So I've been dating J for a month or so. Things were going surprisingly well. I was kind of apprehensive because I'm not used to dating men who treat me well (and aren't crazy or have drama or SOMETHING).
I had been feeling like things were kind of off but it was nothing in particular that I could put my finger on. I wasn't sure it was my gut instincts telling me something was wrong (and my instincts have never steered me wrong once I started listening to them) OR just my own insecurities related to my relationship karma. I've been working on trying to tell the difference. Usually my reaction to issues in a relationship is to cut and run and I'm trying to stop doing that so I don't miss out on someone or something just because I'm scared.
Then, yesterday (which would be Valentine's Day) I felt like things were kind of weird so I asked him what was going on. And he told me that he was thinking about getting back together with his ex. Let me add a note here that we didn't have plans to spend V-day together because of our conflicting work schedules HOWEVER a lady does not like to hear that kind of news on any day much less a holiday that is centered around romantic love.
So here's what I told him. I said that I was pretty awesome and I thought maybe we could be awesome together. There was a reason he broke up with his ex and that if he decided to go back to her there would be no coming back to me. I said that I appreciated his honesty and hoped he would continue to be honest with me whatever happened. I said he could have all the time he needs but there is no guarantee that I would still be around when he made his decision.

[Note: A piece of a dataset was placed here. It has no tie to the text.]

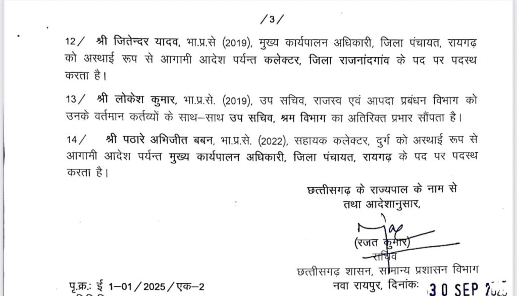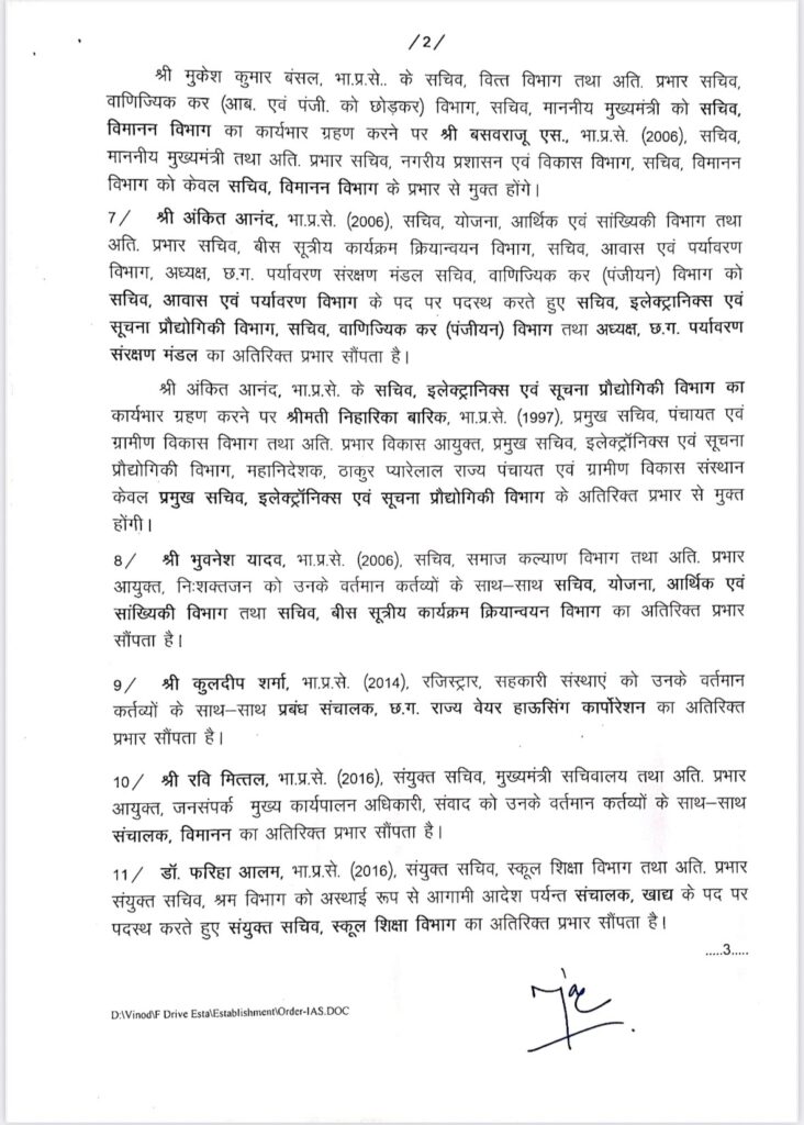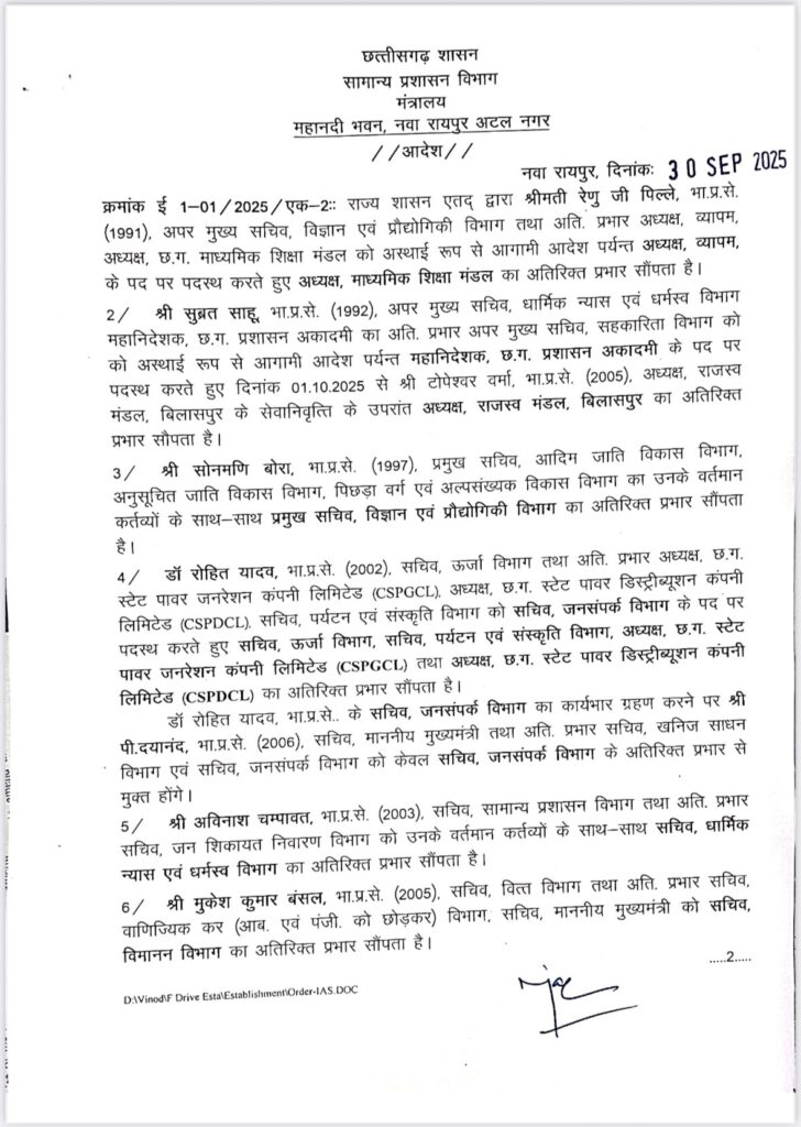 छत्तीसगढ़ में प्रशासनिक फेरबदल, कई आईएएस अफसरों के दायित्व बदले

I'm actually pretty proud of myself. In the last few years I have made such a difference in the way I handle all my relationships but in particular my romantic ones. I cried for a few minutes after we got off the phone. It was more principle than anything about him in particular. But. I left myself be in a funk all yesterday and then I let it go. There was a reason I met him and maybe I don't know why yet but I will later. I don't regret any of the relationships I've been in over the past few years (which have been 90% bad). I've learned so much about myself and I know that when I do finally meet and fall in love with whoever I'm meant to be with, they will be grateful for all my past relationships too.
One more step in the right direction.